He sauntered to the door. “I'm staying at the Fighting Cock on the Broadway. You know where it is, I'm sure.”
“I'll get a lawyer. No judge will turn me out.”
He laughed at this idea. “Jonathan Belcher, the new royal governor of New Jersey, is an old friend of my father's. He's here to repair a damaged fortune, I might add. It would be cheaper to pay me than bribe him.”
He mounted his horse and rode off. Should I give myself to him? It was more than mere desire. He wanted to savor the triumph of forcing me to submit—to do anything and everything to please him for money. Having loved and abandoned me for money, he was eager to flaunt me around New York as his whore, proving him right about my character from the start.
In the morning, Bertha appeared with little Paul. She had become tremendously fond of the child. “He wants his momma. No one else will do,” she said, and lifted the boy into the bed, where he surprised me by curling up with a contented sigh and falling asleep. It was the first time he had exhibited an iota of affection for me.
The sight of his innocent face recalled my sense of loving purpose, the reason why I was in New Jersey. I would not turn my back on that memory now, no matter what Robert Nicolls threatened to do. I climbed into my buggy and returned to Hackensack for another conference with Harman Bogardus. When I told him about Robert's threat, his Dutch blood virtually simmered with indignation.
“Come next week to a meeting of the Board of Elders,” he said. “I'll
have them ready to consider your plight as their Christian duty—not to mention their honor as Dutchmen!”
A week later I was back in Hackensack in Bogardus's dining room, which was so full of tobacco smoke I could barely breathe. Dutch farmers never went anywhere without their pipes. Around the big mahogany table sat the half dozen elders of the Dutch Reformed Church, listening to Bogardus tell them to open their purses and persuade their friends to do likewise to help this good woman in distress.

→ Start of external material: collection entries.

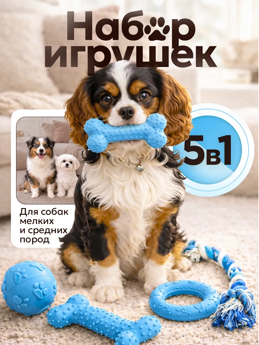 Идеальный набор для владельцев собак, содержащий 5 различных игрушек для разнообразия и стимуляции умственных способностей вашего питомца. Набор включает в себя разные размеры и формы, что позволяет собаке выбирать свою любимую игрушку. Это отличный способ обеспечить вашему питомцу постоянное удовольствие и предотвратить монотонность. Подойдет для собак всех возрастных групп и пород.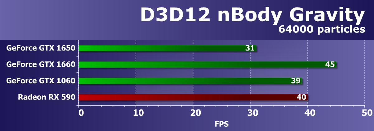 Из более-менее новых бенчмарков мы начали использовать несколько примеров, входящих в DirectX SDK и пакет SDK компании AMD (скомпилированные примеры применения D3D11 и D3D12), а также несколько тестов для измерения производительности трассировки лучей. В качестве полусинтетического теста у нас также используется и популярный 3DMark Time Spy, помогающий определить прирост от асинхронных вычислений.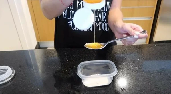 В миске смешайте столовую ложку измельченных в муку овсяных хлопьев с 1 столовой ложкой меда.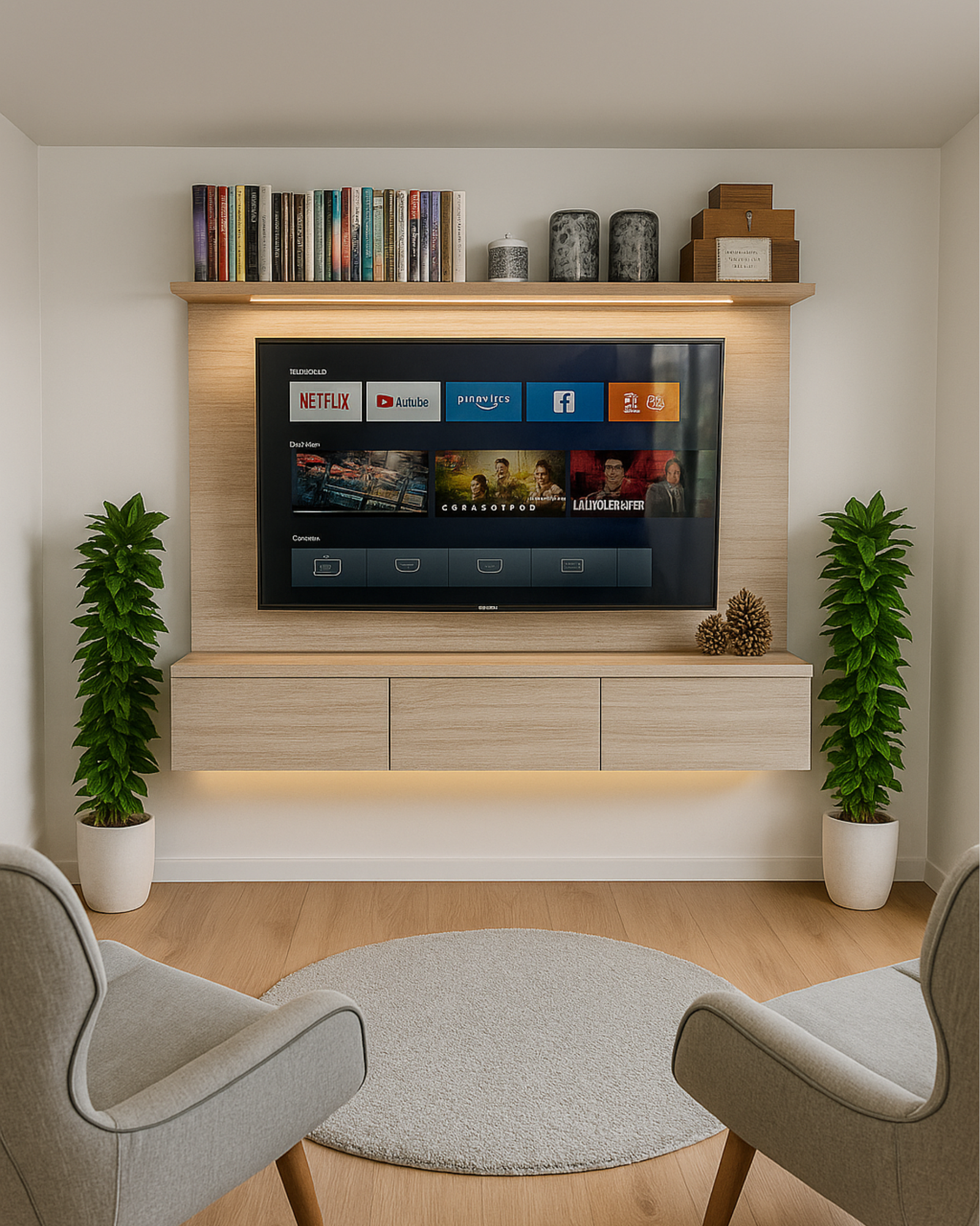 Con dimensiones de 2.00 m de ancho por 2.30 m de alto, está diseñado para soportar televisores de hasta 65 pulgadas. Incluye un panel central en acabado aglomerado amaderado que brinda calidez visual, repisa superior para libros o elementos decorativos, y un módulo flotante de tres compartimentos que libera espacio en el suelo y facilita la limpieza.
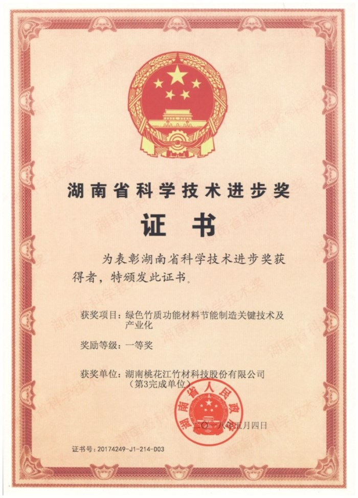 其中, 湖南桃花江竹材科技股份有限公司的綠色竹質(zhì)功能材料節(jié)能制造關(guān)鍵技術(shù)及產(chǎn)業(yè)化項目榮獲2017年湖南省科學(xué)技術(shù)進步一等獎。

The fattest of them, Arent Schuyler, who owned the largest farm in Bergen County, looked enough like Cornelius Van Vorst to be a younger brother. “We live in New Jersey,” Schuyler said. “Why should we worry about a judgment for debt from New York courts? Everything depends on the attitude of our royal governor. I understand he's badly in need of money—and the assembly has declined to raise his salary. In my grandfather's day, when a governor found himself in such a fix, he solicited donations from the citizens. We had something called ‘the blind tax' which wise men paid—because it guaranteed them the governor's friendship. I suggest a new blind tax on behalf of Mrs. Stapteton—which I'll take to Perth Amboy for a little talk with the governor.”
Each of the elders promptly subscribed ten pounds to the blind tax and recommended that all the members of the church be exhorted to contribute at least a pound. In two weeks, Bogardus reported they had collected four hundred pounds. The spirit of Dutch independence was alive and well in Bergen County! Once more I felt the sheltering presence of Cornelius Van Vorst's spirit.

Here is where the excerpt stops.